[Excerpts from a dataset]
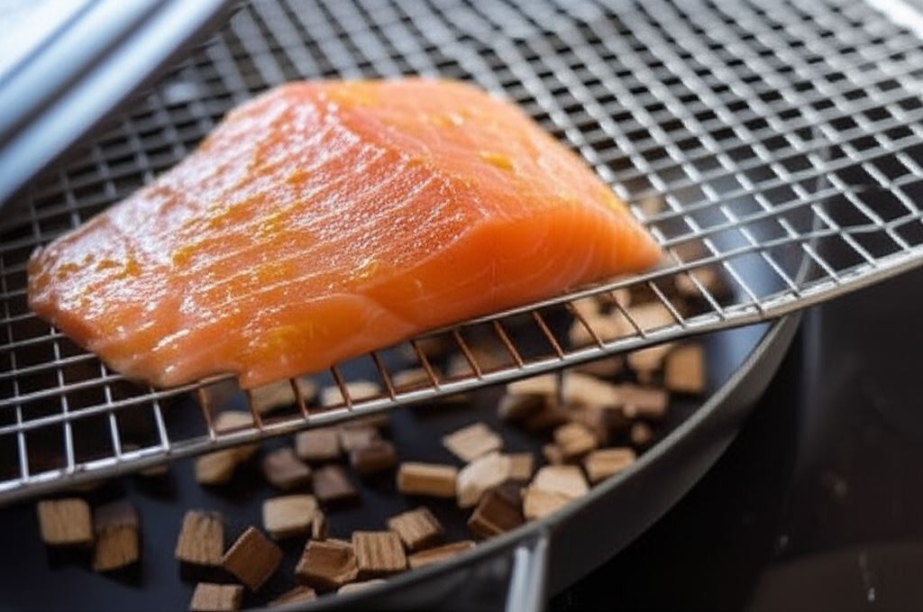 Wysyp drewniane zrębki na suchą patelnię i umieść kratkę. Podgrzewaj patelnię aż zrębki zaczną delikatnie dymić – umieść łososia na kratce, przykryj patelnię i zostaw na 3-4 minuty. Następnie odkryj patelnię i umieść w piekarniku rozgrzanym do 180 st. C na 5 minut. Wystudź rybę po upieczeniu.
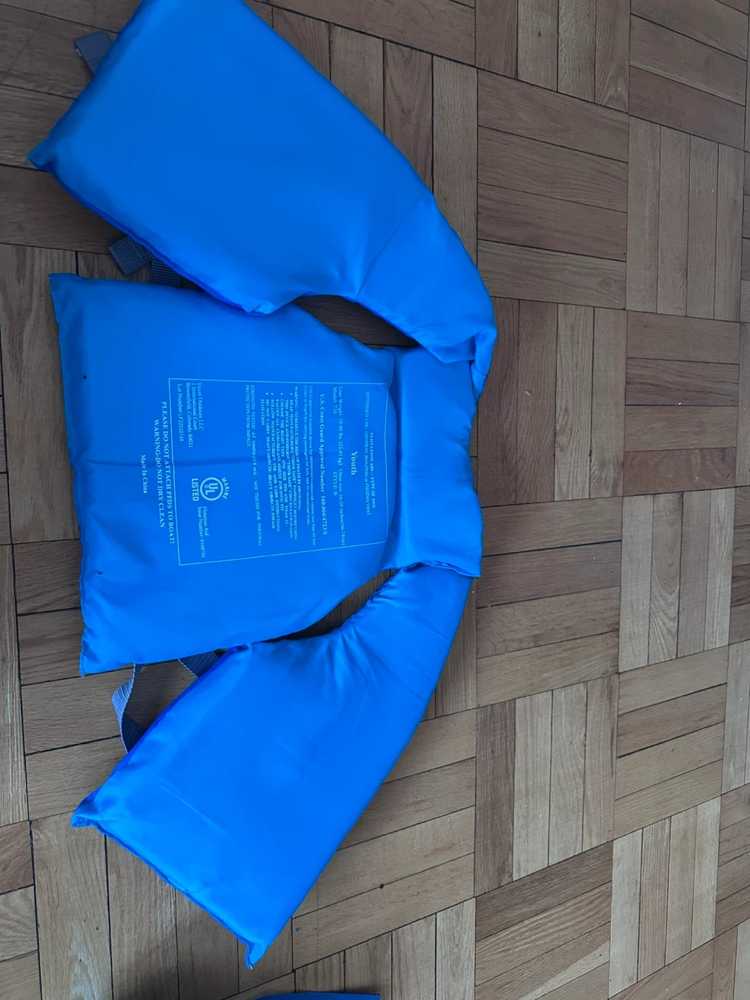 This blue Onyx life vest is designed for youth. It has adjustable straps and a buckle closure for a secure fit. This vest is great for water activities!
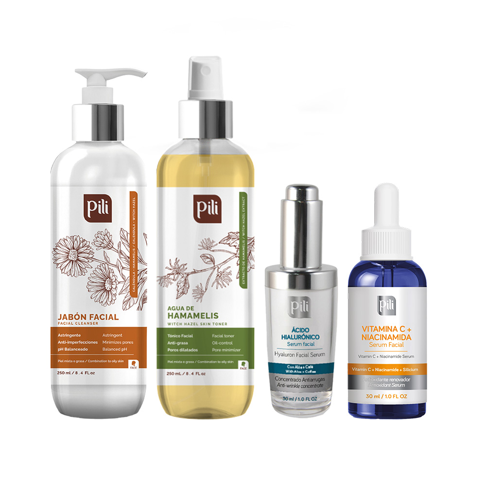Kit ideal para el cuidado diario de piel grasa con limpieza profunda, equilibrio y efecto antioxidante.
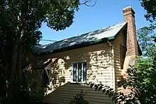 Generally the exterior of the building is clad with chamfered weatherboards, with simple framed windows. The corrugated iron roof features a double gable running north–south, with a discrete verandah awning on the southern elevation, and with the eastern verandah incorporated into the main roof of the building. Another gabled roof covering covers the early kitchen wing, running east–west, abutting the northern end of the gabled section. An early brick chimney, incorporating an oven abuts the western end of the kitchen wing.[1]
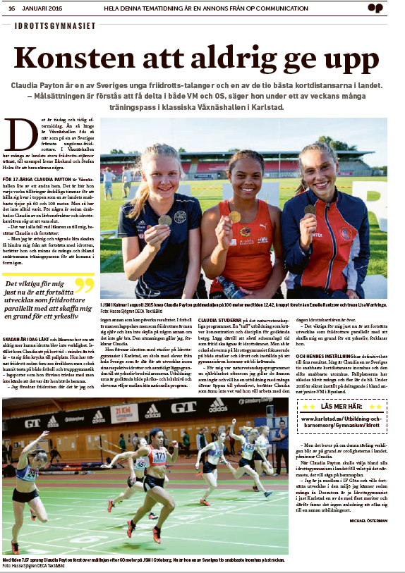 Till sist ska vi visa en artikel ur tidningen ”Det smarta skolvalet” som fanns med som bilaga i Aftonbladet under januari. Här berättar föreningens unga sprinter Claudia Payton om hur det är att gå på Friidrottsgymnasiet i Karlstad och om hur man kombinerar friidrott och studier på gymnasienivå. Det fina med Karlstad är att man sedan kan studera vidare på Elitidrottsuniversitet och behålla samma kontinuitet på träningen samtidigt som man vidareutbildar sig.
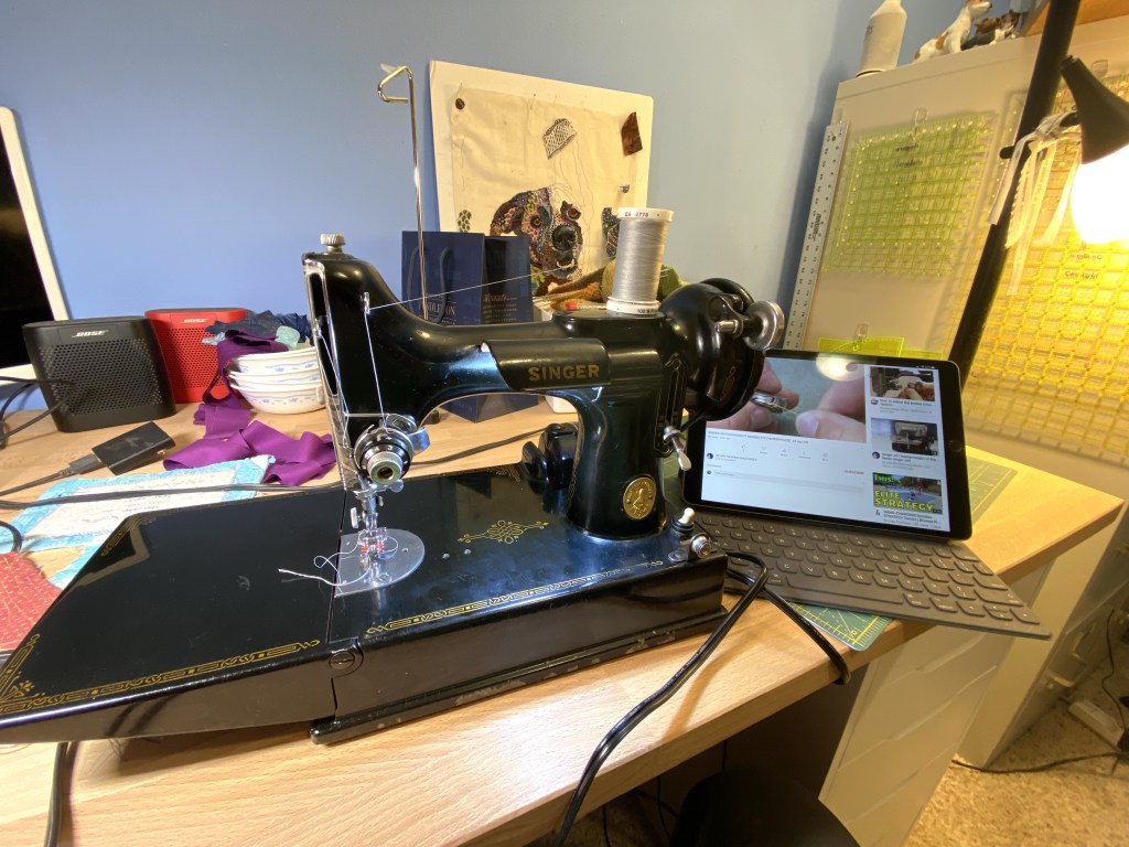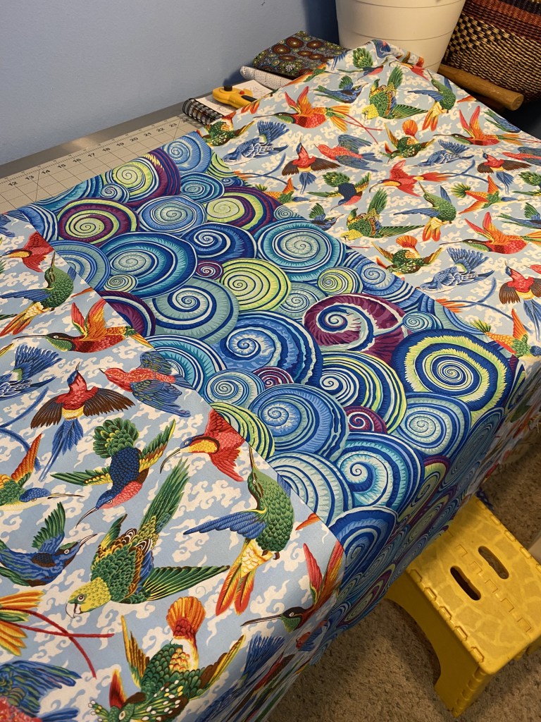 When I’m live on the air during fundraising I’m doing it through Zoom and I need to be hardwired into my internet, rather than using wifi. So that means I have to be in my sewing room since that’s where my router is. So my sewing room is a bit of a makeshift radio studio right now. Rather than turning it back into a sewing studio and then having to turn it back into a radio studio for my 7 am on air shift tomorrow morning, I decided to use the cutting table, which means I don’t have to mess with the radio studio set up.

#### [ACTIVITY]
The records above should be retyped in full and exactly; omit the pictures.

#### [ANSWER TO THIS TASK]
 Wysyp drewniane zrębki na suchą patelnię i umieść kratkę. Podgrzewaj patelnię aż zrębki zaczną delikatnie dymić – umieść łososia na kratce, przykryj patelnię i zostaw na 3-4 minuty. Następnie odkryj patelnię i umieść w piekarniku rozgrzanym do 180 st. C na 5 minut. Wystudź rybę po upieczeniu.
 This blue Onyx life vest is designed for youth. It has adjustable straps and a buckle closure for a secure fit. This vest is great for water activities!
Kit ideal para el cuidado diario de piel grasa con limpieza profunda, equilibrio y efecto antioxidante.
 Generally the exterior of the building is clad with chamfered weatherboards, with simple framed windows. The corrugated iron roof features a double gable running north–south, with a discrete verandah awning on the southern elevation, and with the eastern verandah incorporated into the main roof of the building. Another gabled roof covering covers the early kitchen wing, running east–west, abutting the northern end of the gabled section. An early brick chimney, incorporating an oven abuts the western end of the kitchen wing.[1]
 Till sist ska vi visa en artikel ur tidningen ”Det smarta skolvalet” som fanns med som bilaga i Aftonbladet under januari. Här berättar föreningens unga sprinter Claudia Payton om hur det är att gå på Friidrottsgymnasiet i Karlstad och om hur man kombinerar friidrott och studier på gymnasienivå. Det fina med Karlstad är att man sedan kan studera vidare på Elitidrottsuniversitet och behålla samma kontinuitet på träningen samtidigt som man vidareutbildar sig.
 When I’m live on the air during fundraising I’m doing it through Zoom and I need to be hardwired into my internet, rather than using wifi. So that means I have to be in my sewing room since that’s where my router is. So my sewing room is a bit of a makeshift radio studio right now. Rather than turning it back into a sewing studio and then having to turn it back into a radio studio for my 7 am on air shift tomorrow morning, I decided to use the cutting table, which means I don’t have to mess with the radio studio set up.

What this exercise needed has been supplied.